YOUR ASSIGNMENT: Copy the material below verbatim from the line with "体育资讯12月31日讯 皇马" to the line with "Более пяти веков", both lines included, omitting pictures and every line outside that range.

DATA RECORDS:
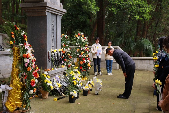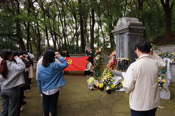 李汉俊同志是中国共产党的早期先驱之一。他生前勇敢无畏、坚定不移地践行着共产主义信仰,为了人民的利益不惜牺牲自己的生命。4月6日下午,为缅怀革命先烈李汉俊同志,汲取奋进力量,传承红色基因,在国产熟女 党委副书记刘会胜的带领下,国产熟女 2022级硕士第一、第二党支部开展主题党日活动,前往伏虎山烈士陵园李汉俊墓祭扫。
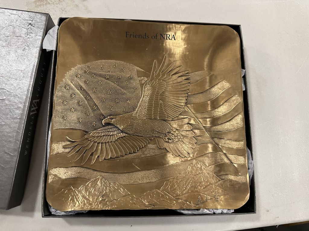 Wendell August NRA Bronze Plaque, in case, 9", Location Right Metal Shelves Wendell August NRA Bronze Plaque, in case, 9", Location Right Metal Shelves
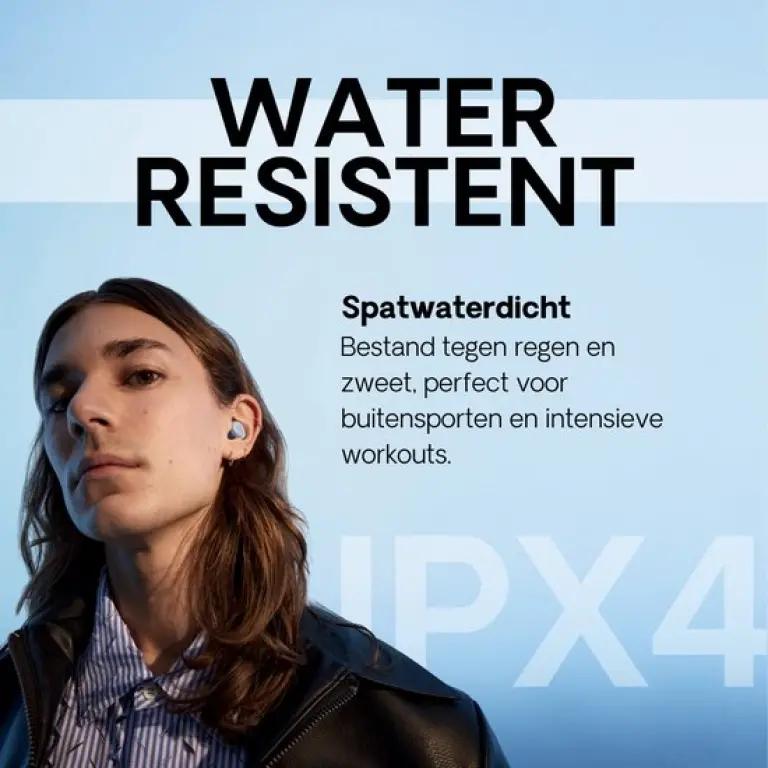 Hoewel de Porto oordopjes geen actieve noise cancelling hebben, verminderen ze omgevingsgeluiden tot wel 20 dB dankzij de geoptimaliseerde pasvorm en gesloten klankkast. Dit betekent dat je minder last hebt van storende achtergrondgeluiden, of je nu thuis bent, onderweg of aan het sporten. De IPX4-certificering maakt ze bestand tegen zweet en lichte regen, waardoor ze perfect zijn voor dagelijks gebruik en sportactiviteiten.
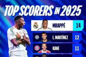体育资讯12月31日讯 皇马前锋姆巴佩在2025年打进59球,追平C罗记录,创个人年度新高。欧冠官方社媒晒出2025年欧冠射手榜,其中姆巴佩以14球排名榜首。
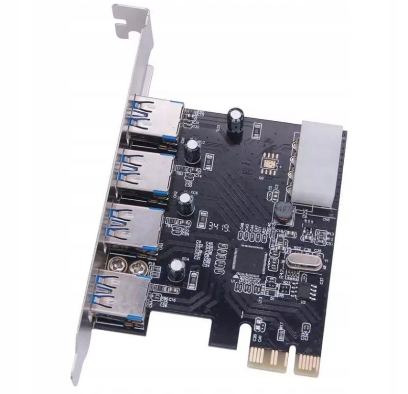 Контроллер PCI-E от 1 до 4 портов USB 3.0. Адаптер позволяет подключить дополнительные 4 порта USB 3.0 к слоту PCI-E на материнской плате, что является идеальным решением, когда на настольном компьютере нет свободных портов USB. Проверьте, есть ли на материнской плате вашего компьютера свободный порт PCI-E, затем установите контроллер в свободный отсек корпуса компьютера, вставьте его в порт PCI-E на материнской плате и подключите блок питания через стандартный разъем MOLEX и все. . Четыре дополнительных порта позволяют подключать к компьютеру больше устройств, а благодаря пропускной способности USB 3.0 скорость передачи увеличивается до 10 раз по сравнению с предыдущими решениями, что позволяет значительно быстрее копировать или создавать резервные копии ценных личных и деловых данных. Подключите USB-устройства, такие как принтер, сканер, камера или внешний жесткий диск.
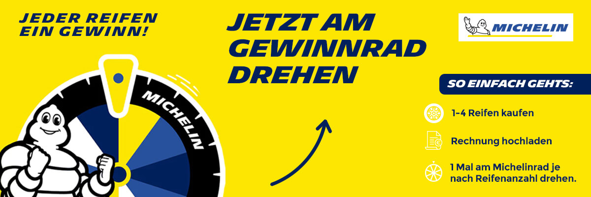 Vom 1. Januar bis zum 31. Dezember 2024 haben Sie die Möglichkeit, an unserem exklusiven Michelin Gewinnspiel teilzunehmen. Kaufen Sie dazu einfach einen MICHELIN Aktionsreifen für PKW und LLKW, Motorrad oder Roller im Zollbereich von 13 bis 23 Zoll bei Ihrem bevorzugten Händler. Bitte beachten Sie, dass Erstausrüstungs-, Oldtimer- und Rennreifen von dieser Aktion ausgeschlossen sind.
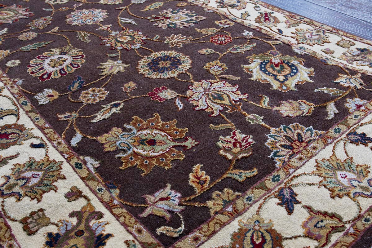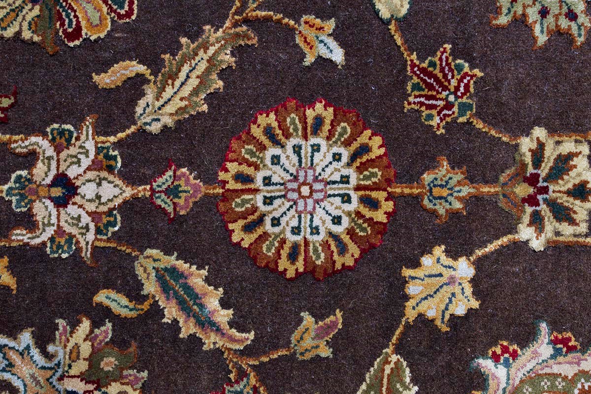 Более пяти веков назад в городе Агра зародилась знаменитая индийская школа ковроткачества, прославившаяся не меньше, чем расположенный здесь же Тадж-Махал. Мощное персидское влияние, помноженное на местный колорит, привело к появлению оригинальных орнаментов с богатыми растительными узорами — причудливым цветам, ветвям и листьям, разбросанным по всему полю ковра.
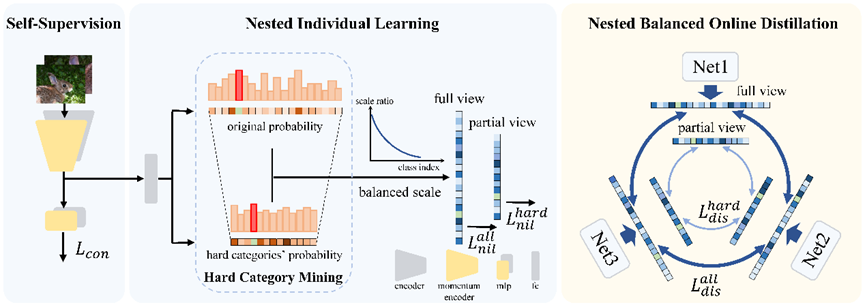 近年来,长尾分布数据的视觉识别问题受到了越来越多的关注。通过大量的实验,我们发现在相同的训练设置,不同的模型初始化下,长尾数据训练出的模型表现出相当大的差异,这体现出了长尾学习中巨大的不确定性。为了减轻这种不确定性,我们提出了一种多专家网络的嵌套式的协同学习方法(NCL),它由两个部分组成,即嵌套个体学习(NIL)和嵌套平衡在线蒸馏(NBOD),前者着重于单个专家网络的学习,后者则帮助多个专家网络传递学到的知识,协同学习。NIL和NBOD都在嵌套的关系中学习,即基于所有类别的全局注意力学习和基于难类别的局部注意力学习。这样的嵌套关系来自于我们提出的简洁有效的难类别挖掘模块(HCM)。对于网络的输出分数,HCM仅选择部分拥有高分数的难类别作为网络训练的负类别,这样便构建出了嵌套关系中的局部注意力。通过NCL,网络的学习彼此嵌套、互补,这样不仅有利于网络捕捉到全局且鲁棒的特征,还提升了网络对更细粒度信息的区分能力。除此之外,自监督也被应用到其中,加强特征的学习。该方法在长尾数据库CIFAR-10/100-LT, Places-LT, ImageNet-LT和 iNaturalist 2018上都取得了目前最好的性能。

ANSWER FOR THIS EXERCISE:
体育资讯12月31日讯 皇马前锋姆巴佩在2025年打进59球,追平C罗记录,创个人年度新高。欧冠官方社媒晒出2025年欧冠射手榜,其中姆巴佩以14球排名榜首。
 Контроллер PCI-E от 1 до 4 портов USB 3.0. Адаптер позволяет подключить дополнительные 4 порта USB 3.0 к слоту PCI-E на материнской плате, что является идеальным решением, когда на настольном компьютере нет свободных портов USB. Проверьте, есть ли на материнской плате вашего компьютера свободный порт PCI-E, затем установите контроллер в свободный отсек корпуса компьютера, вставьте его в порт PCI-E на материнской плате и подключите блок питания через стандартный разъем MOLEX и все. . Четыре дополнительных порта позволяют подключать к компьютеру больше устройств, а благодаря пропускной способности USB 3.0 скорость передачи увеличивается до 10 раз по сравнению с предыдущими решениями, что позволяет значительно быстрее копировать или создавать резервные копии ценных личных и деловых данных. Подключите USB-устройства, такие как принтер, сканер, камера или внешний жесткий диск.
 Vom 1. Januar bis zum 31. Dezember 2024 haben Sie die Möglichkeit, an unserem exklusiven Michelin Gewinnspiel teilzunehmen. Kaufen Sie dazu einfach einen MICHELIN Aktionsreifen für PKW und LLKW, Motorrad oder Roller im Zollbereich von 13 bis 23 Zoll bei Ihrem bevorzugten Händler. Bitte beachten Sie, dass Erstausrüstungs-, Oldtimer- und Rennreifen von dieser Aktion ausgeschlossen sind.
 Более пяти веков назад в городе Агра зародилась знаменитая индийская школа ковроткачества, прославившаяся не меньше, чем расположенный здесь же Тадж-Махал. Мощное персидское влияние, помноженное на местный колорит, привело к появлению оригинальных орнаментов с богатыми растительными узорами — причудливым цветам, ветвям и листьям, разбросанным по всему полю ковра.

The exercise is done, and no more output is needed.